Vargas is one of Venezuela’s 23 states, stretching along the Caribbean coastline to the north of the capital, Caracas.
It is where thousands of city-dwellers from Caracas used to spend their weekends at the beach, but the area was unrecognisable after the disaster.
The landslides changed the landscape of Vargas, with fallen mud and rocks altering the coastline and pushing it dozens of metres further out to sea.
“It hasn’t been dealt with… it’s stayed in many people’s memories and there’s nothing better than art for coming to terms with the collective memory,” Mr Gavlovski says.
The disaster had such a profound effect on Venezuelans that it inspired three different films, all being released in 2011, quite a feat in a country that produces around 10 to 15 feature-length movies a year.
“It’s completely logical and necessary that the most important natural disaster in the country’s history would be a theme we should talk about,” says Alejandro Bellame, director of El Rumor de las Piedras (The Rumble of the Stones).
“I think enough time has passed that has allowed us first to live the tragedy, second to mature and to grieve and then the moment comes to reflect on what happened afterwards.”
His film tells the story of one family and how they are struggling to survive in the slums of Caracas, 10 years after they lost their home in Vargas.
The movie looks at many issues in present-day Venezuela, including violence and poverty.
The motif of house and home, and what it feels like to lose both, is present throughout.
It is a poignant reminder that even so many years later, some of those who had to leave Vargas are still awaiting permanent re-housing.
The collapsed shells of apartment buildings and houses caught up in the landslide still dot the coastal towns affected.
And as the country has recently experienced more heavy rain, thousands of newly homeless families are also seeking shelter, exacerbating the country’s housing shortage.
Frank Spano’s Hora Menos (One Hour Less) takes the viewer in a completely different direction.
Set in the immediate aftermath of the tragedy it is the tale of two women – from different backgrounds, different generations, different social classes – who are brought together by the loss of their homes.

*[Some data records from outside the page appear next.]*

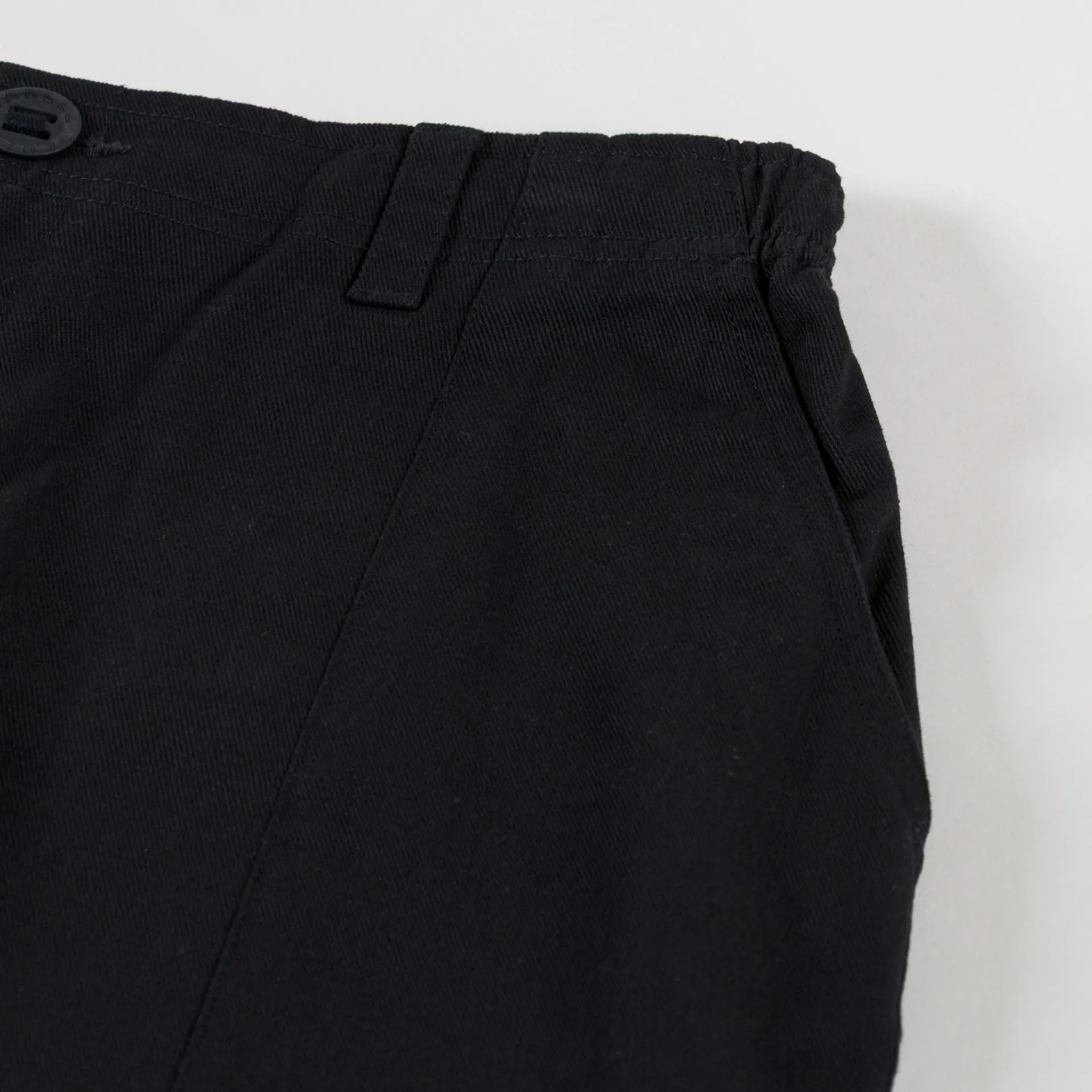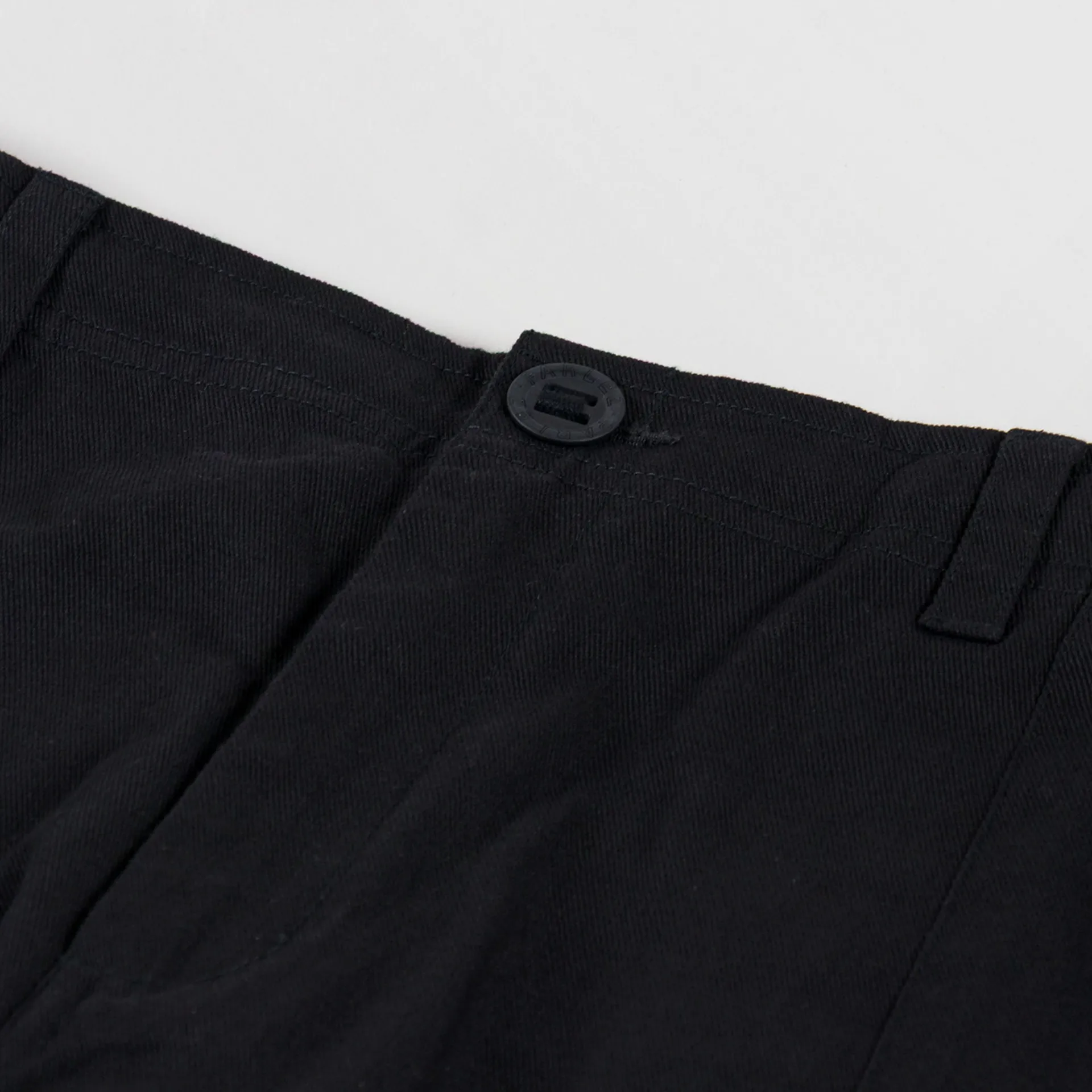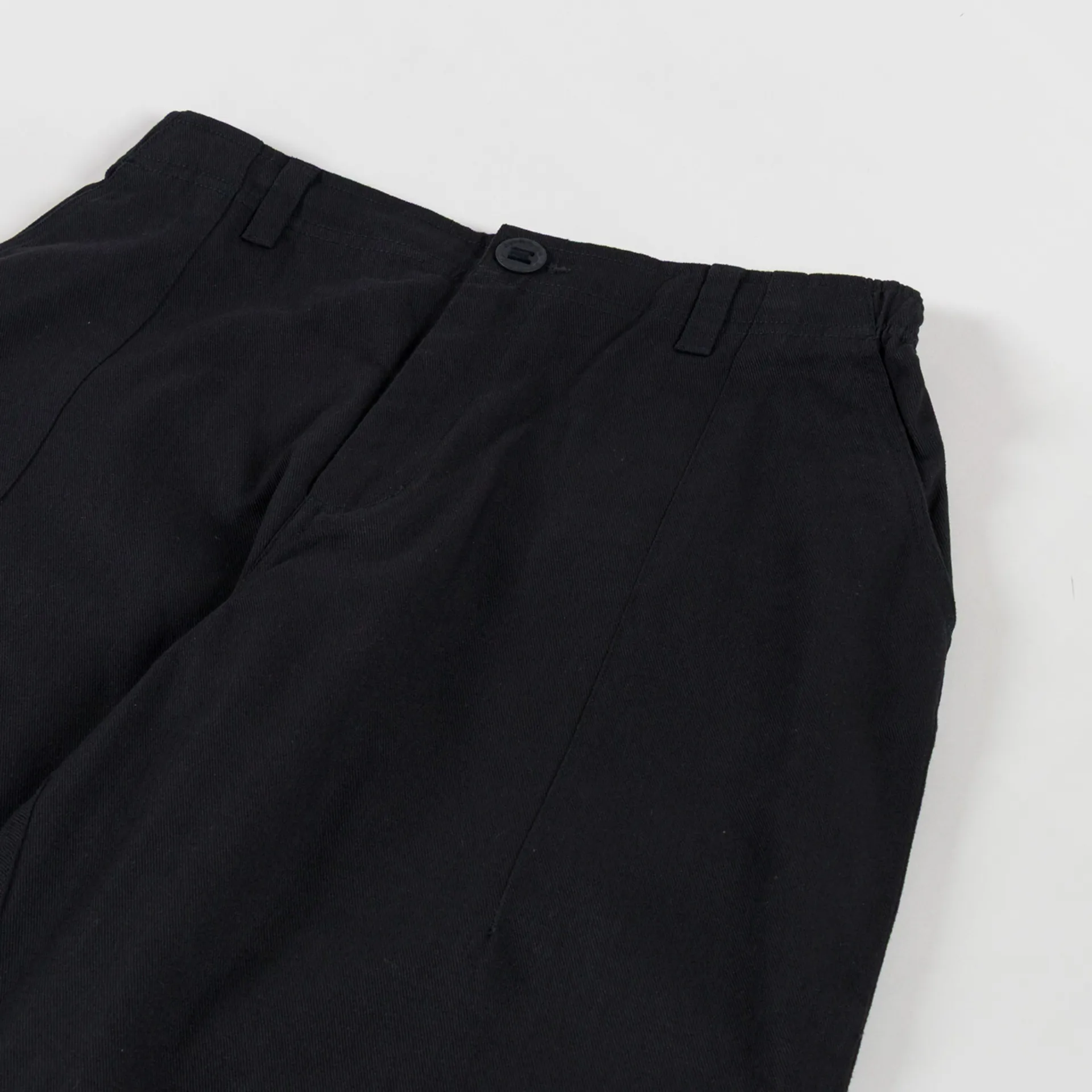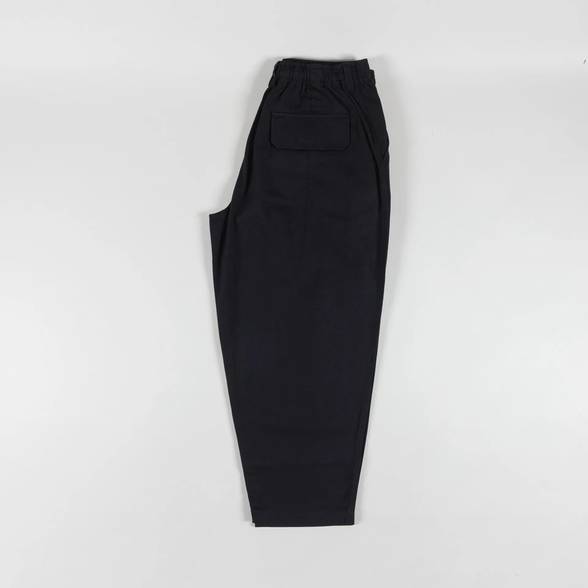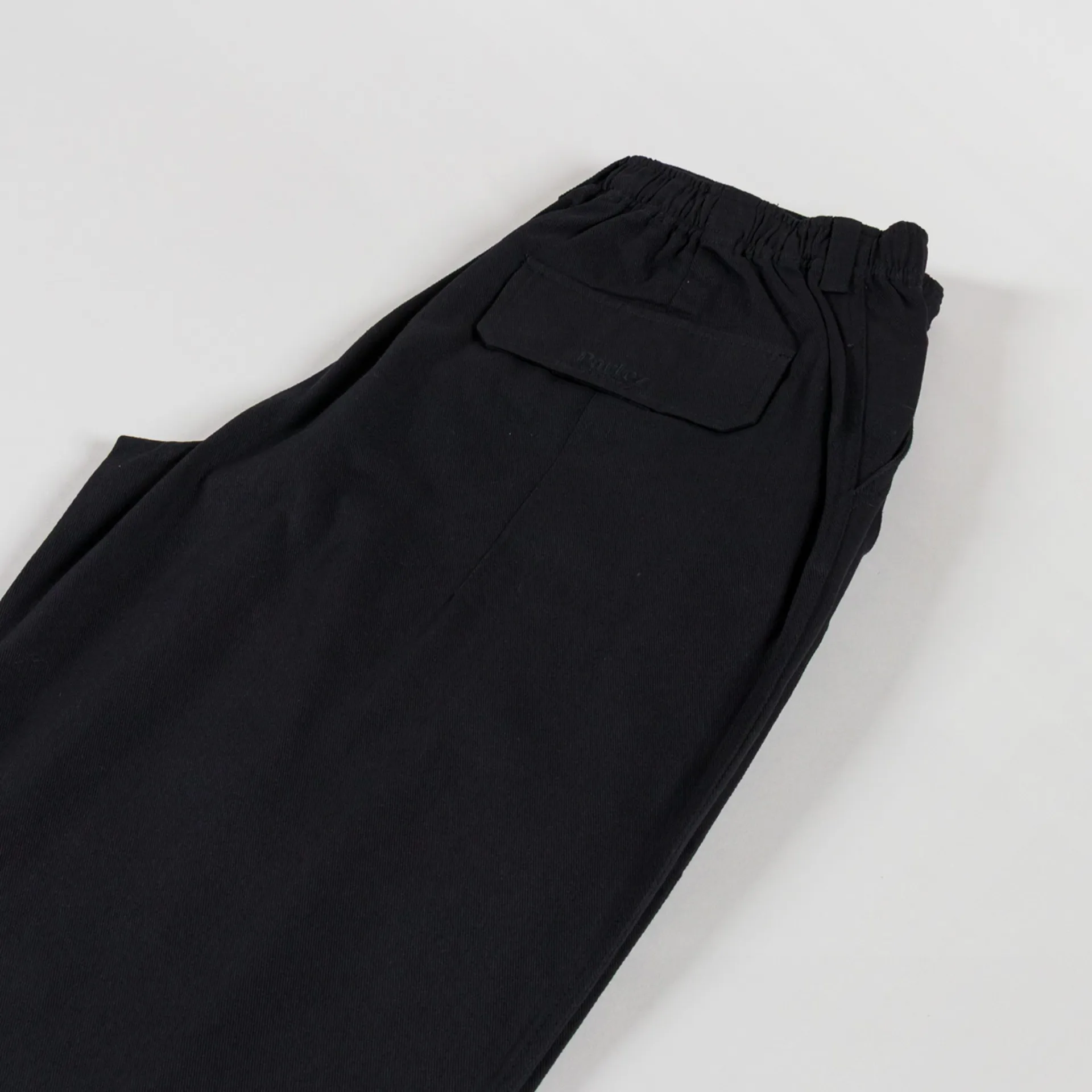 A pair of darted balloon pants from Parlez, constructed from durable cotton twill. They have a partially elasticated waistband with a zip and button fly, two classic front pockets and two back patch pockets. A standard balloon pant is categorised by a wide, voluminous leg that tapers and gathers at the ankle, giving it a rounded, balloon shape.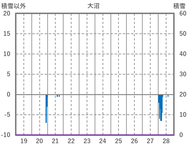 | 日 | 時 | 気温 | 降水 | 風向/風速 | 日照 | 積雪 | 降雪 |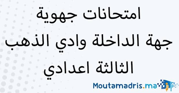 امتحانات جهوية الداخلة وادي الذهب الثالثة اعدادي جميع المواد مع التصحيح, بحيث نعرض جميع نماذج الامتحانات الجهوية لجهة الداخلة وادي الذهب مرفقة بعناصر الإجابة والتنقيط دورة يونيو لتلاميذ السنة الثالثة التعليم الثانوي الاعدادي, نهدف من خلال إنجاز هذه النماذج السابقة إلى مساعدة التلاميذ الحصول على نقطة ممتازة تساعدهم في نيل شهادة الاعدادي بميزة حسنة.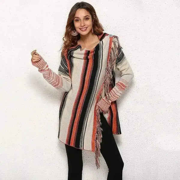 - Aanvullende details: Asymmetrische zoomlijn met franje details; gedurfd gestreept patroon in neutrale en warme tinten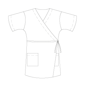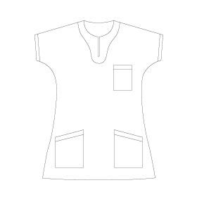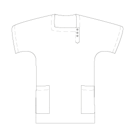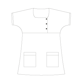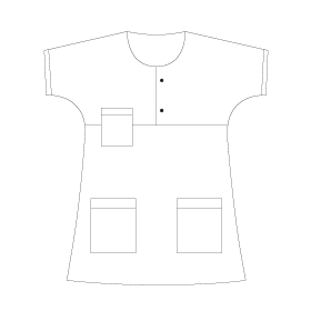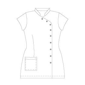 Tunique ras de cou , forme caraco , boutonnage pressions inoxydables sur épaule gauche, manches courtes kimono, 3 poches, hauteur 75 cm. Excellent maintien au lavage.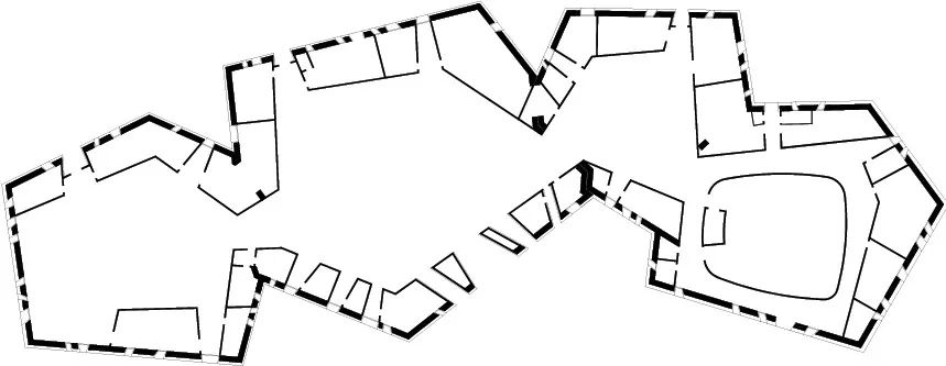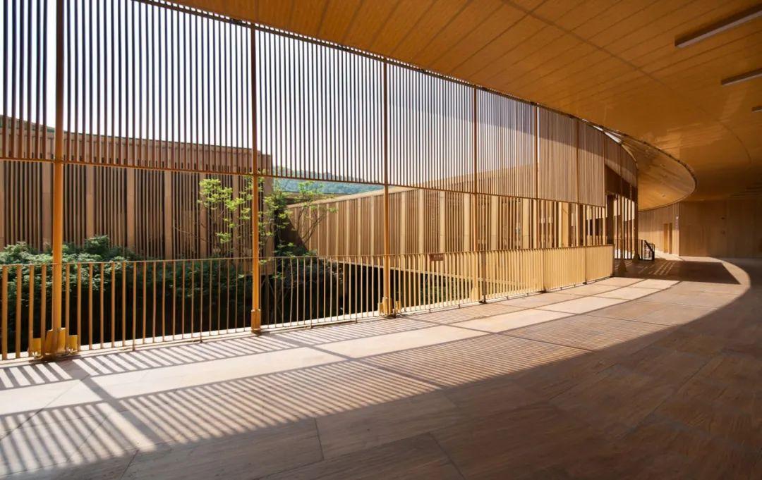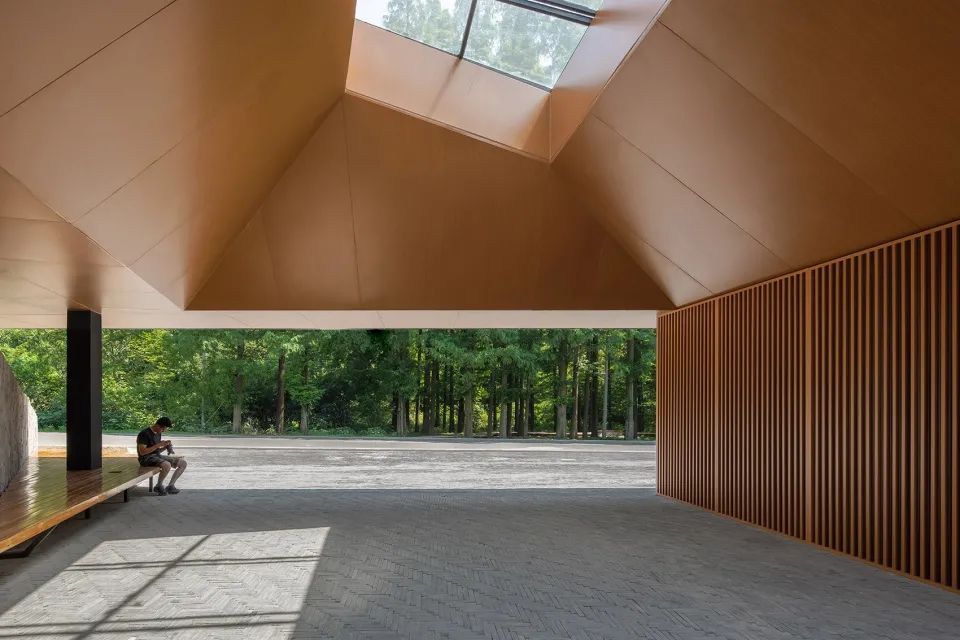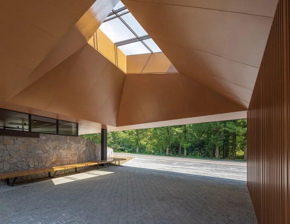 逐渐升高并隐藏围墙的景观地台和交错折叠的屋面成为了组织空间的主体,它们连同后山一起层层退后并相互错位,以此来补足场地处山体的缺陷,并表现出了近、中、远景的层次,让建筑和环境更好地融合在一起。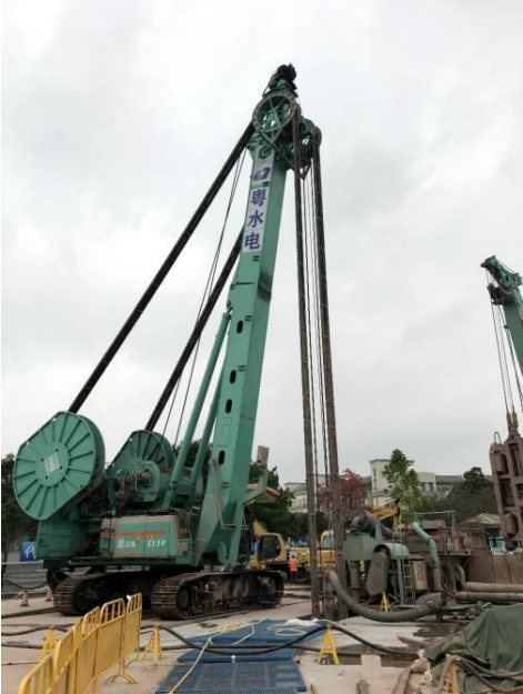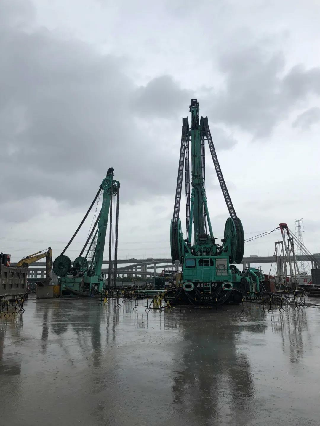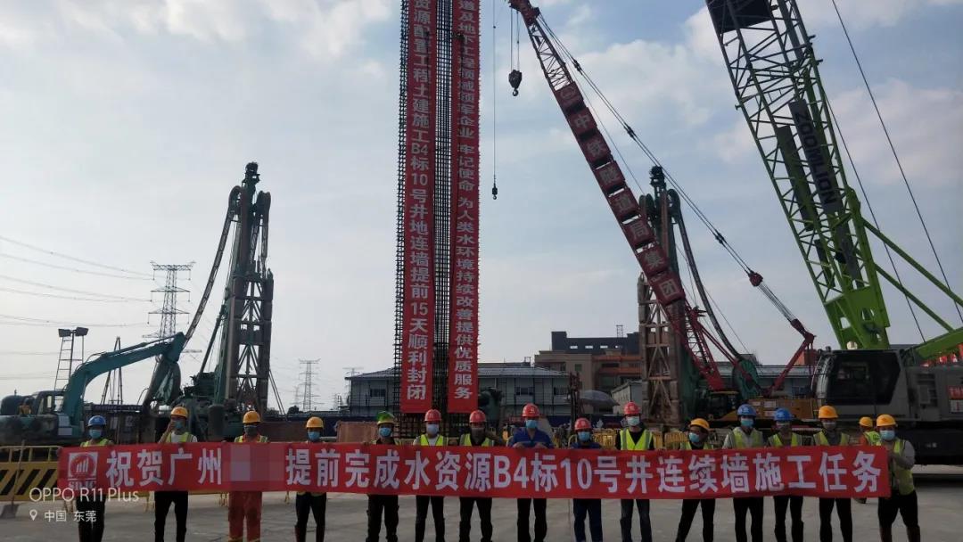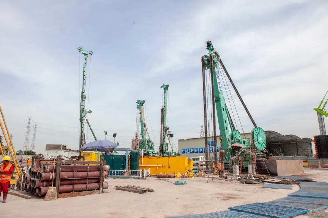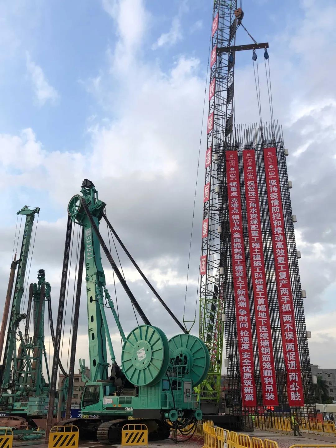 水资源项目连续墙施工主要配备双轮铣槽机、旋挖钻机、成槽机等设备。其中,被誉为桩工机械家族“奢侈品”的双轮铣,作为目前国际上先进的地下连续墙施工专用设备,通过更换不同类型的刀具即可在不同硬度地质中开挖。铣槽机在复杂地层条件下的施工效率高、精度高、适应性强,而且对环境影响和污染小,在该项目中被确定为主力设备,并投入数十台。施工中,中外品牌同台竞技争奇斗艳,场面蔚为壮观,其中5台金泰双轮铣设备在项目中同时开展施工,SD03#工作井便是上海金泰SX50双轮铣的杰作,钢筋笼需沉槽到地下78米处,是上海金泰在珠三角区域最深的地下连续墙,也是在广州做得最深的地下连续墙。

They travel together to the Canary Islands to start a new life in Europe.
“The journey allows these two women to find out who they really are, and I think a tragedy of this magnitude obliges us to think about who we are,” says Spano.
“It’s saying to the viewer… that a whole life full of money and material possessions can be buried by the mud but what stays with us is our capacity for tolerance and our ability to relate to each other.”
The third movie, El Chico que Miente (The Kid who Lies), came out in Venezuelan cinemas on 28 January.
It is the story of a boy who loses his home in the landslides and 10 years on, he sets out to find out the truth about what happened to his family during the tragedy.
It has been produced and directed by Mariana Rondon and Marite Ugas, the same team behind Postcards from Leningrad, Venezuela’s official entry for best foreign language film at the Academy Awards three years ago.
“This is not about a natural disaster. This is about what transformed a society, and that happened in Vargas,” says Ugas.
The film is not political, but Ugas sees significance in the timing of the tragedy and Venezuela’s recent political history.
The landslides occurred almost exactly one year after President Hugo Chavez first won elections and just as he held a referendum to approve a new constitution.
“[The elections] turned the country into two different camps and for some it began a new era of socialism and for others it was like a tragedy,” Ugas explains.
“The film invites people to reflect on the last 10 years.”